Íris Edda Heimisdóttir

Personal information
- Full name: Íris Edda Heimisdóttir
- National team: Iceland
- Born: 8 February 1984 (age 42) Reykjavík, Iceland
- Height: 1.80 m (5 ft 11 in)
- Weight: 79 kg (174 lb)

Sport
- Sport: Swimming
- Strokes: Breaststroke
- Club: Keflavík íþrótta- og ungmennafélag

= Íris Edda Heimisdóttir =

Icelandic swimmer

Íris Edda Heimisdóttir (born February 8, 1984) is an Icelandic former swimmer who specialized in breaststroke events. She is a two-time Olympian (2000 and 2004) and a former Icelandic record holder in the 100 and 200 m breaststroke.

Íris made her Olympic debut as Iceland's youngest swimmer (aged 16) at the 2000 Summer Olympics in Sydney. There, she failed to reach the semifinals in any of her individual events, finishing thirty-third in the 100 m breaststroke (1:14.07) and thirty-second in the 200 m breaststroke (2:38.52).

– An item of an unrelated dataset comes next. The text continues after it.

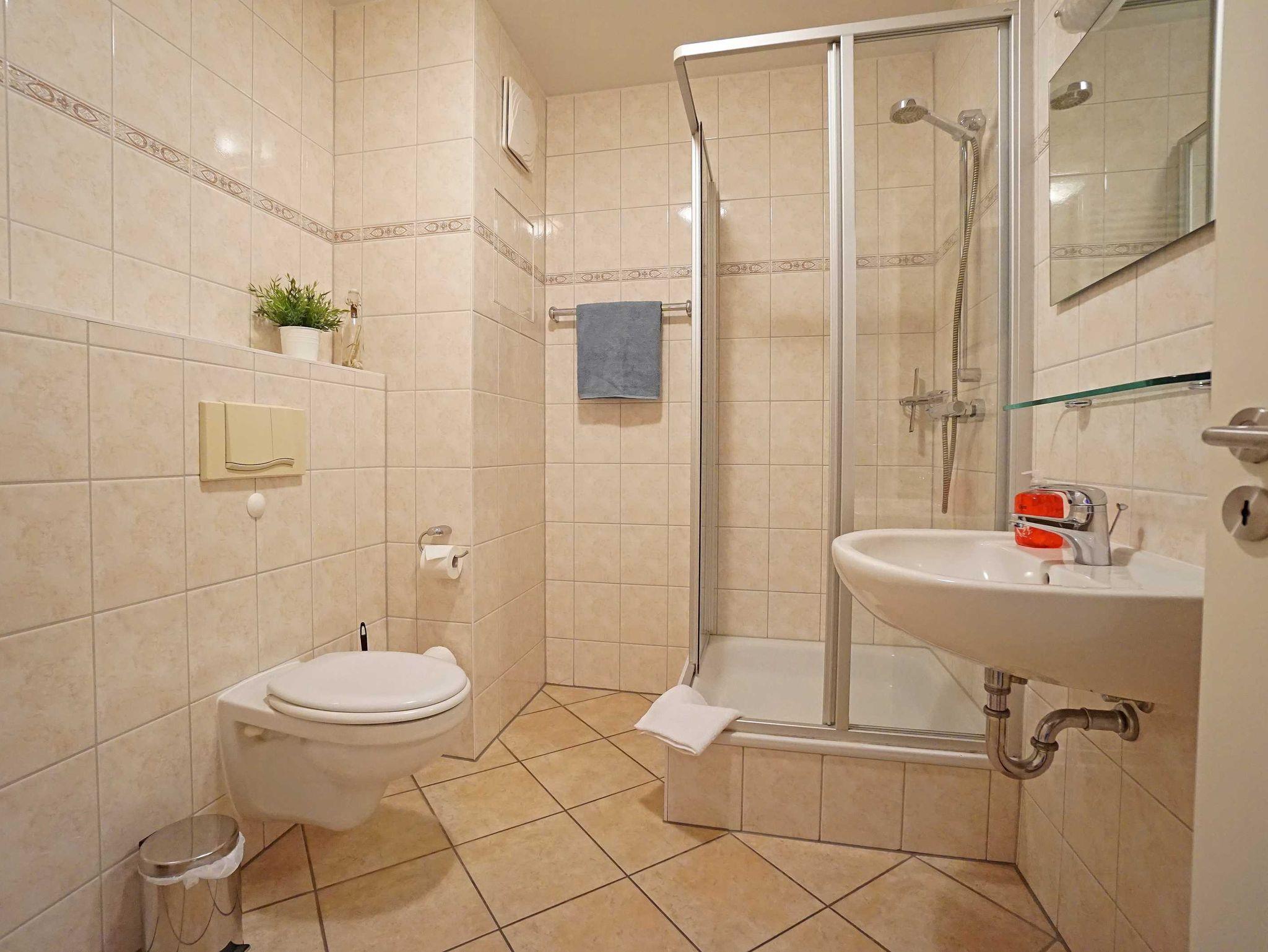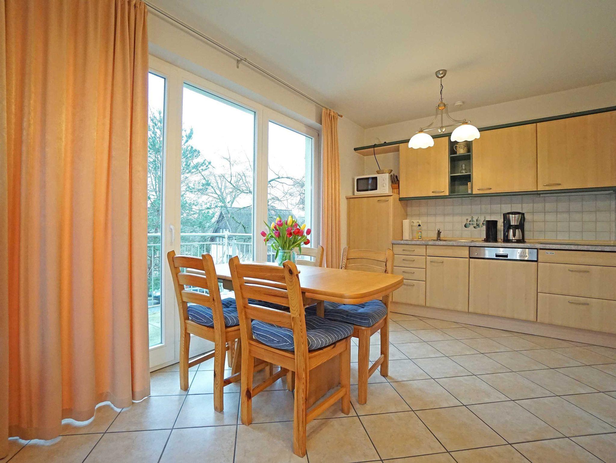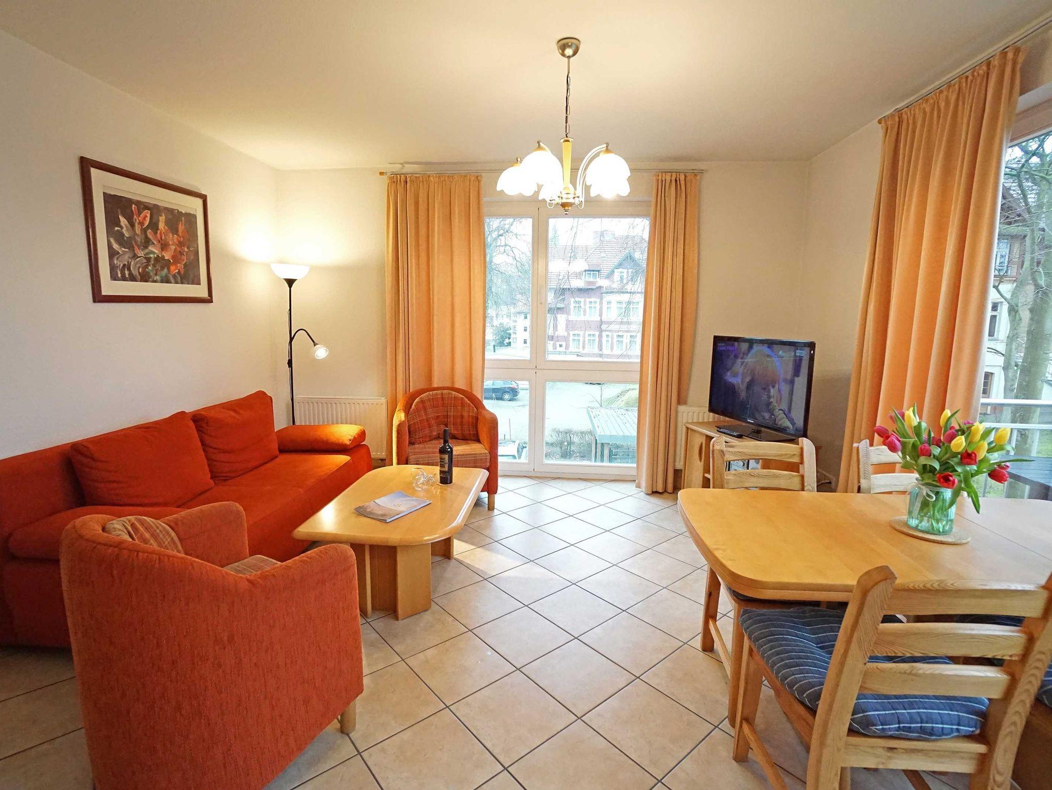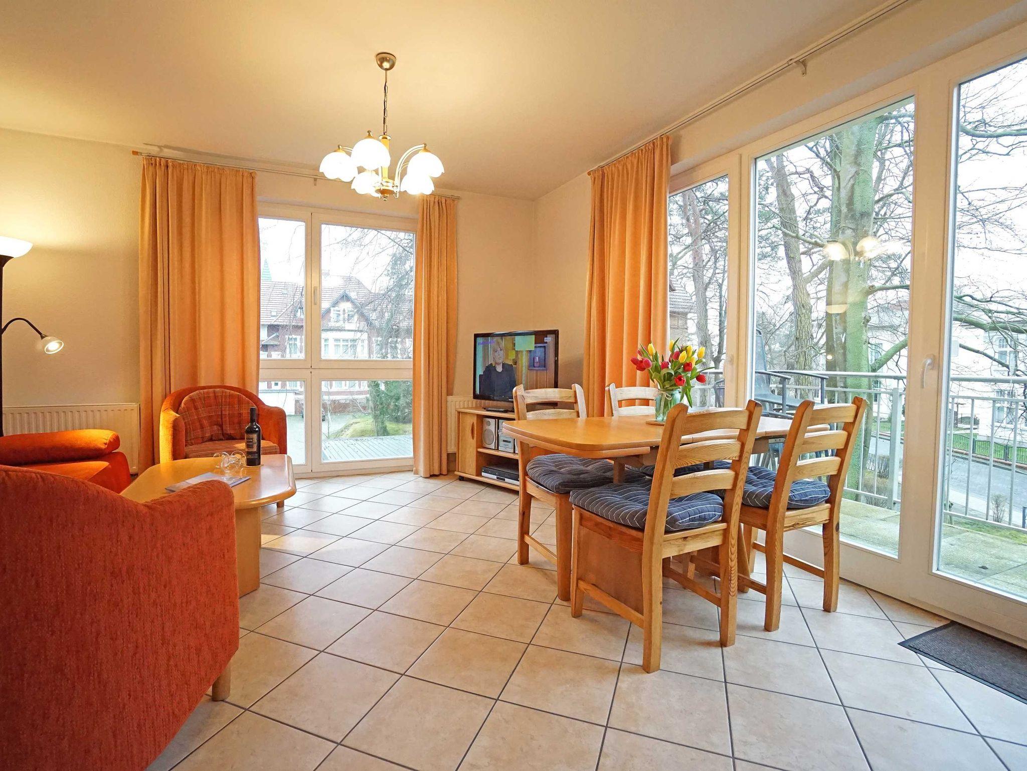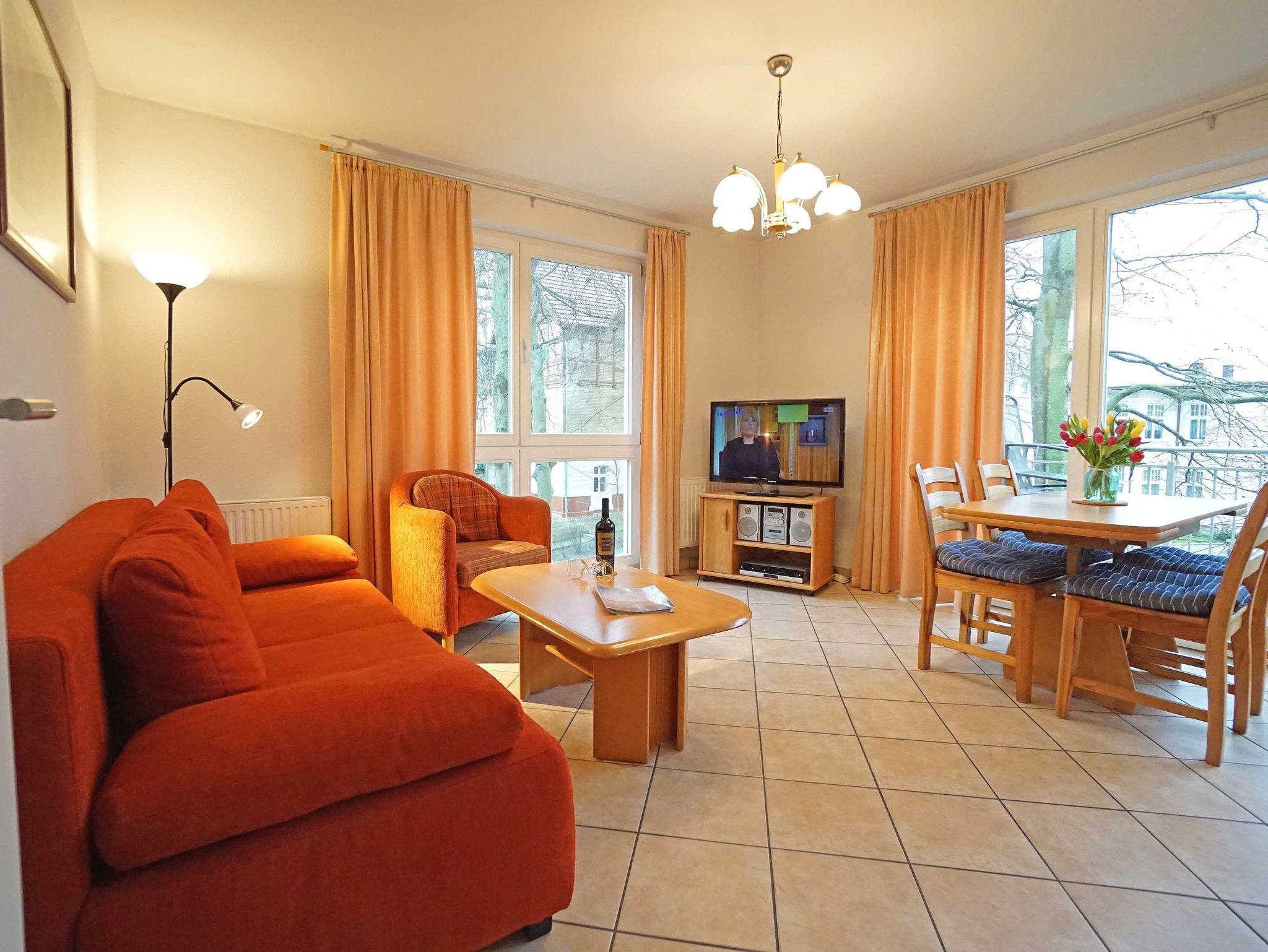 Die Zweizimmerwohnung ist 48 m² groß und hat ein Bad mit Dusche und WC. Wohnzimmer: Esstisch für 4 Personen, Schlafsofa für zwei Pers., Kabel-TV, zweiter Fernseher im Schlafzimmer, Radio mit CD und Kassette, komplett eingerichtete Küchenzeile mit Mikrowelle, Geschirrspüler, Herd mit Ceranfeld usw. sowie einen sonnigen Balkon in Süd-Westlage. Schlafzimmer: mit einem Doppelbett (180 x 200 cm), Radio. Ein kostenloses WLAN-Netzwerk steht Ihnen zur Verfügung.

At the 2004 Summer Olympics in Athens, Íris shortened her program, swimming only in the 100 m breaststroke. She cleared a FINA B-standard entry time of 1:13.28 at the Croatian Open Championships in Dubrovnik. She challenged seven other swimmers in the same heat as Sydney, including 13-year-old Yip Tsz Wa of Hong Kong. She rounded out the field in last place by less than 0.18 of a second behind Yip in 1:15.35. Íris failed to advance into the semifinals, as she placed forty-eighth overall in the preliminaries rounds.

Shortly after the Olympics, Íris retired from swimming to pursue her career in professional modeling and physical fitness.